What to work on » All entries below must be retyped exactly, though pictures are to be skipped.

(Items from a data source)
--------------------------------

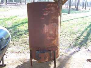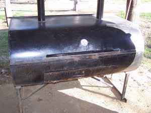 This joker is AWESOME! Even came with a HUGE burn barrel to make coals with. Not only that but Chad (salesman) talked him into throwing in a big pile of split hickory wood!! These are the pics from Craigslist. You cant' get a good read on the size of this barrel but it is about an inch shy of 6ft tall and WIIIIIIDDDDDE! Big ol bars welded in at the bottom, the very top was left solid and a "window" was cut in the side part of the barrel near the top for the smoke to escape. It can rain all day and the fire stays uneffected - ingenious. You motorheads would get a kick out of the hinges on the smoker lid. They are from the hood of a Chevy truck! The lid lifts and stays up just like a hood on a truck! Slick paid $475 for the smoker, the MEGA barrel, and the hickory. Please don't call the law on us. Pulling that thing to Slicks house last night I told him I felt like we had a goldmine sitting on that trailer. We were both like kids in a candy store!! We start cooking Sunday morning...prolly about 50 half chickens, couple of racks of ribs....maybe fry up some striper....I don't give a $hit who wins the superbowl!! HEEHAWW!! ![]() ![]() ![]()
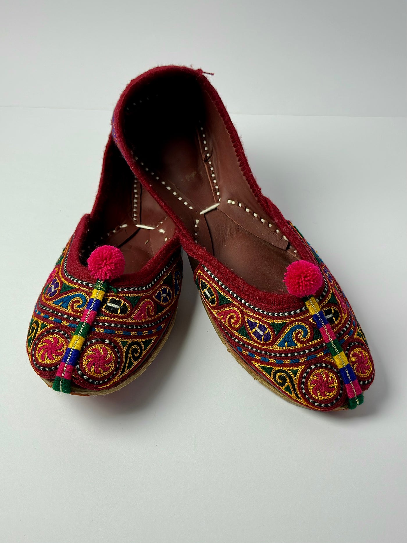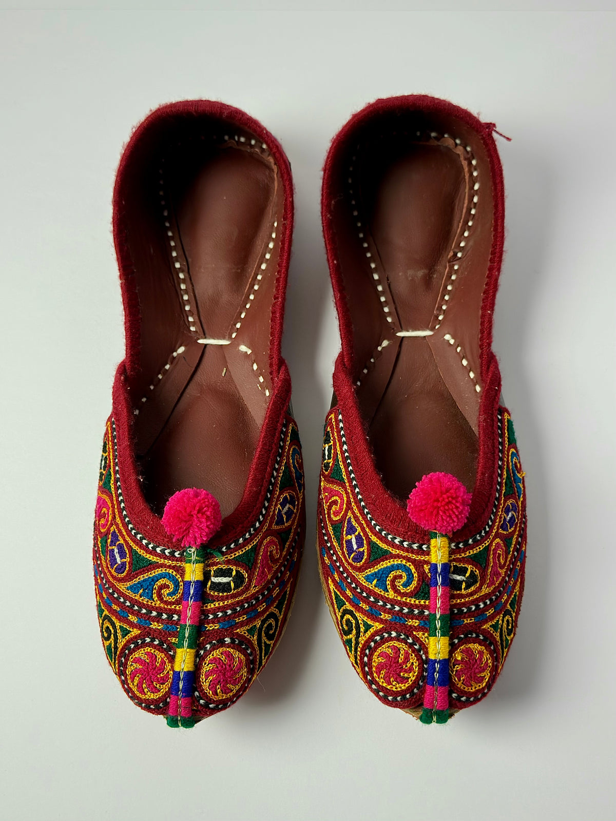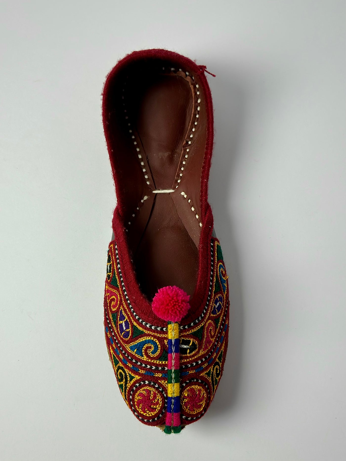 The intricate multicolor design adds a lively charm to any outfit, while the soft lining and durable sole ensure comfort for long gatherings. Ideal for those who love bold yet timeless traditional style.
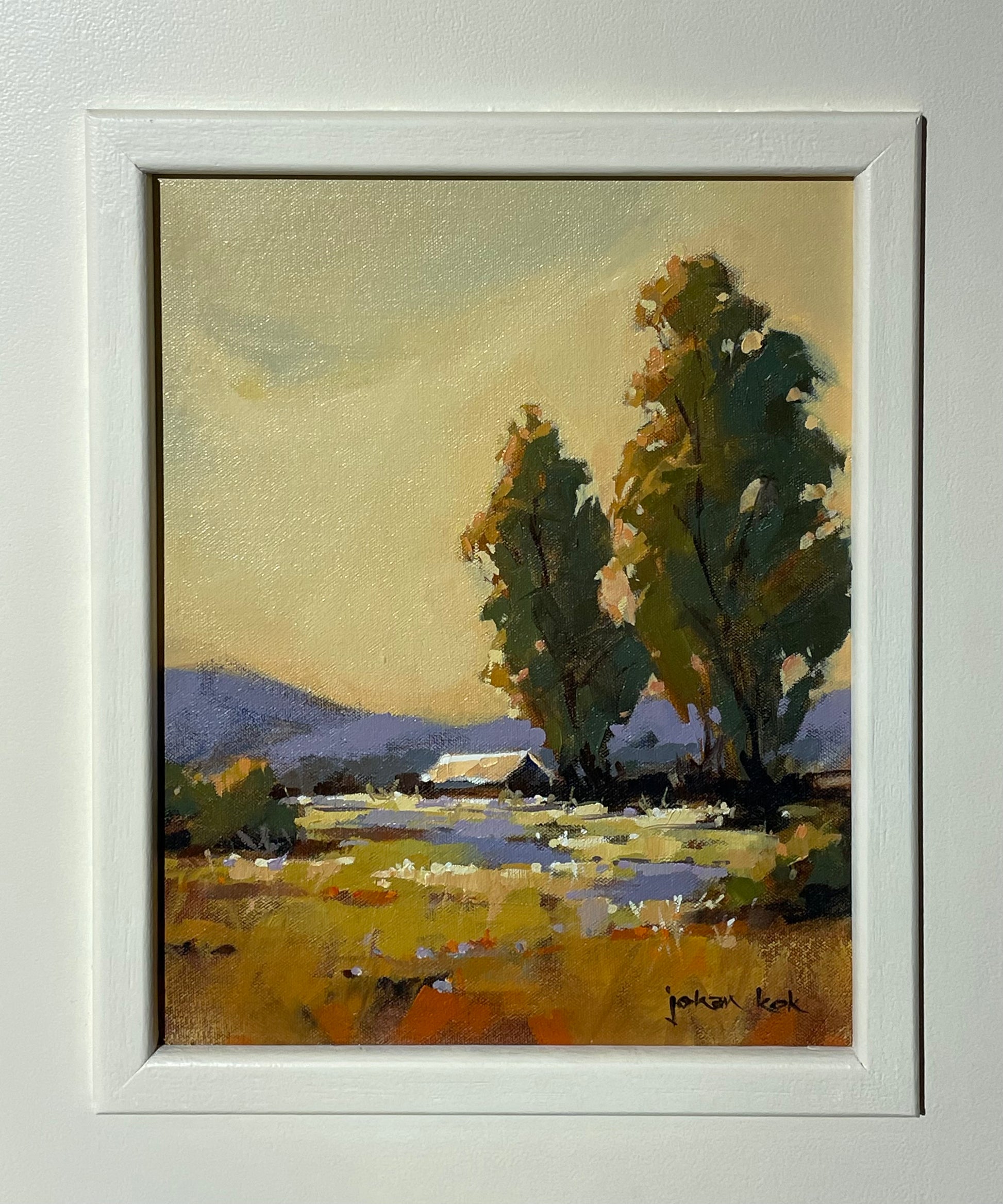 Indulge in the tranquil beauty of Johan Kok's landscape oil painting, featuring majestic mountains, a quaint house, and lush trees. Radiating a soft warm light, this piece will add a touch of sophistication to any room. Immerse yourself in the serenity of nature with this premium masterpiece.
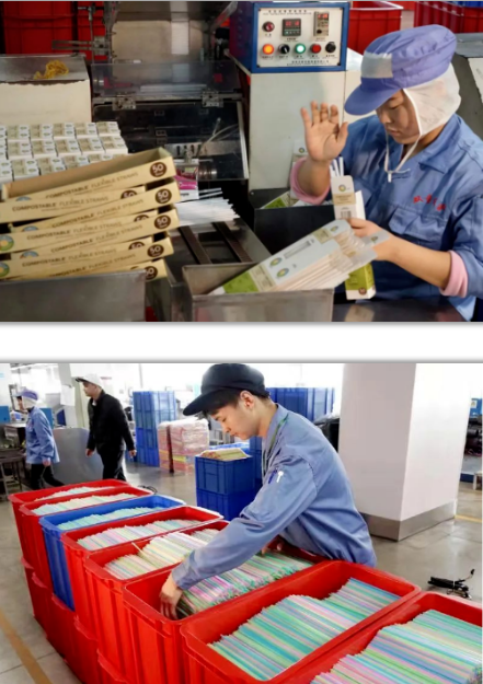 2020年(nián)12月(yuè)22日,浙江義烏“.17c嫩嫩草色视频”員工在生產流水線上加班加點生產新研發、可食用的澱粉吸管。
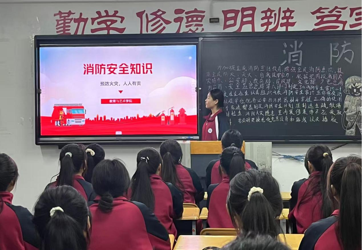 院系动态 > 正文为深入贯彻落实校园消防安全工作相关部署要求,切实提升师生消防安全意识、风险防范能力和应急处置水平,2025年11月8日至12月8日,教育与艺术学院精心组织开展消防宣传月系列活动。活动围绕“全民消防、生命至上——安全用火用电”主题,通过“动员部署、实战演练、隐患整治、文化浸润”四维联动、精准发力,推动消防安全教育走深走实,为学院高质量发展营造安全稳定的育人环境。
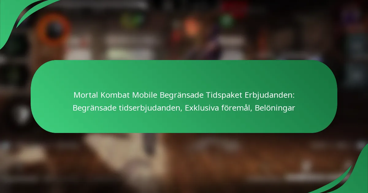 Mortal Kombat Mobile Limited-Time Pack-erbjudanden är exklusiva kampanjer som ger spelare unika föremål, bonusar och utrustning under en kort period. Dessa paket förbättrar spelupplevelsen genom att e...

--------------------------------

Task response »
 This joker is AWESOME! Even came with a HUGE burn barrel to make coals with. Not only that but Chad (salesman) talked him into throwing in a big pile of split hickory wood!! These are the pics from Craigslist. You cant' get a good read on the size of this barrel but it is about an inch shy of 6ft tall and WIIIIIIDDDDDE! Big ol bars welded in at the bottom, the very top was left solid and a "window" was cut in the side part of the barrel near the top for the smoke to escape. It can rain all day and the fire stays uneffected - ingenious. You motorheads would get a kick out of the hinges on the smoker lid. They are from the hood of a Chevy truck! The lid lifts and stays up just like a hood on a truck! Slick paid $475 for the smoker, the MEGA barrel, and the hickory. Please don't call the law on us. Pulling that thing to Slicks house last night I told him I felt like we had a goldmine sitting on that trailer. We were both like kids in a candy store!! We start cooking Sunday morning...prolly about 50 half chickens, couple of racks of ribs....maybe fry up some striper....I don't give a $hit who wins the superbowl!! HEEHAWW!! ![]() ![]() ![]()
 The intricate multicolor design adds a lively charm to any outfit, while the soft lining and durable sole ensure comfort for long gatherings. Ideal for those who love bold yet timeless traditional style.
 Indulge in the tranquil beauty of Johan Kok's landscape oil painting, featuring majestic mountains, a quaint house, and lush trees. Radiating a soft warm light, this piece will add a touch of sophistication to any room. Immerse yourself in the serenity of nature with this premium masterpiece.
 2020年(nián)12月(yuè)22日,浙江義烏“.17c嫩嫩草色视频”員工在生產流水線上加班加點生產新研發、可食用的澱粉吸管。
 院系动态 > 正文为深入贯彻落实校园消防安全工作相关部署要求,切实提升师生消防安全意识、风险防范能力和应急处置水平,2025年11月8日至12月8日,教育与艺术学院精心组织开展消防宣传月系列活动。活动围绕“全民消防、生命至上——安全用火用电”主题,通过“动员部署、实战演练、隐患整治、文化浸润”四维联动、精准发力,推动消防安全教育走深走实,为学院高质量发展营造安全稳定的育人环境。
 Mortal Kombat Mobile Limited-Time Pack-erbjudanden är exklusiva kampanjer som ger spelare unika föremål, bonusar och utrustning under en kort period. Dessa paket förbättrar spelupplevelsen genom att e...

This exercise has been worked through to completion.